### PROBLEM DETAILS
Among the lines below, output only those between the line holding "電子レンジラックの壁を厚くし" and the line holding "Davis’ low punch", inclusive, exactly as written and with no pictures.

-- PROVIDED ENTRIES follows --

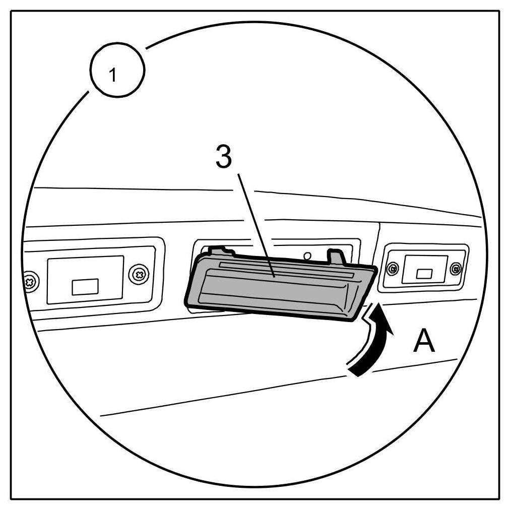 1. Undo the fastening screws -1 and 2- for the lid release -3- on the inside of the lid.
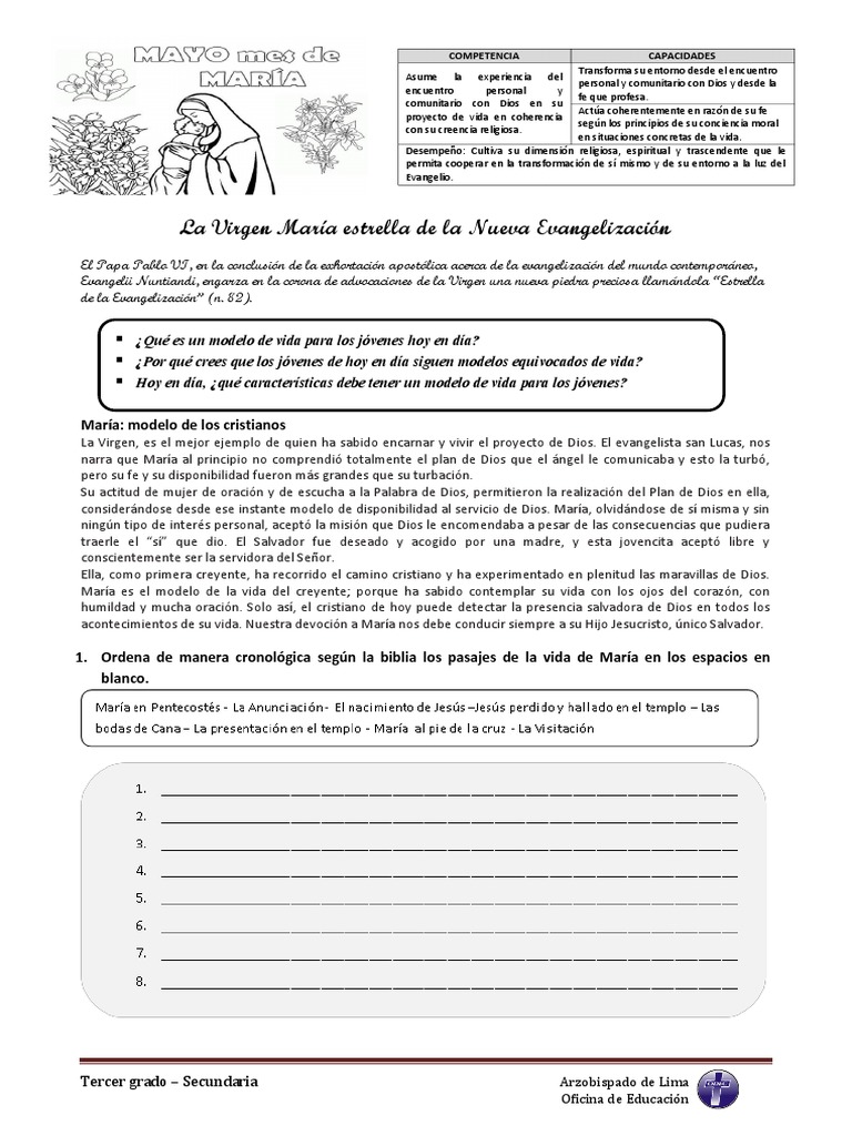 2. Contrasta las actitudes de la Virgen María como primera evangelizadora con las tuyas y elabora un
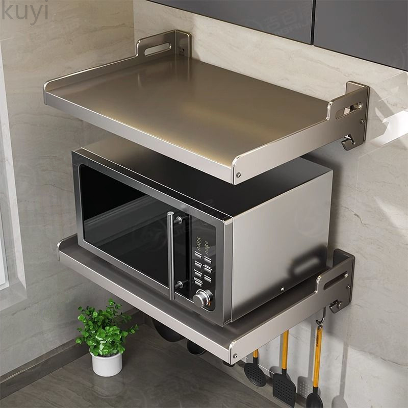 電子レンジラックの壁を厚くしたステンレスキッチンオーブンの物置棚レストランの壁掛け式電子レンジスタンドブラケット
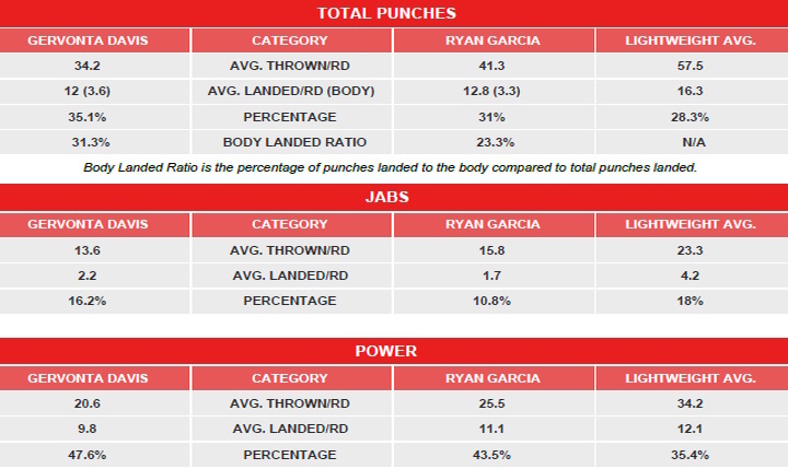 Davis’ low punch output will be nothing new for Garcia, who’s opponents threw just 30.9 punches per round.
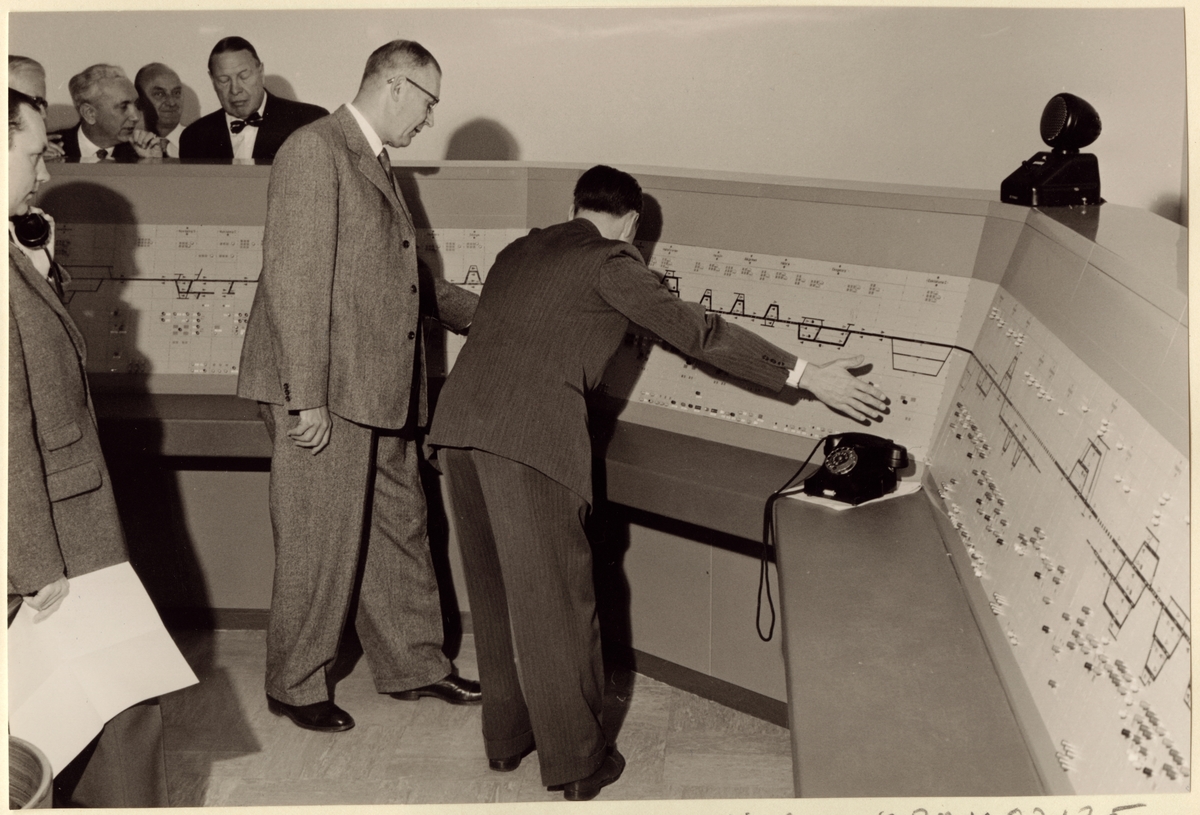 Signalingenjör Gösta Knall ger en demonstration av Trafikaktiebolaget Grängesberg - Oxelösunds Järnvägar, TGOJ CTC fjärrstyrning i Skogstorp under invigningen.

-- PROVIDED ENTRIES concluded --

### RESULT OF THE TASK
 電子レンジラックの壁を厚くしたステンレスキッチンオーブンの物置棚レストランの壁掛け式電子レンジスタンドブラケット
 Davis’ low punch output will be nothing new for Garcia, who’s opponents threw just 30.9 punches per round.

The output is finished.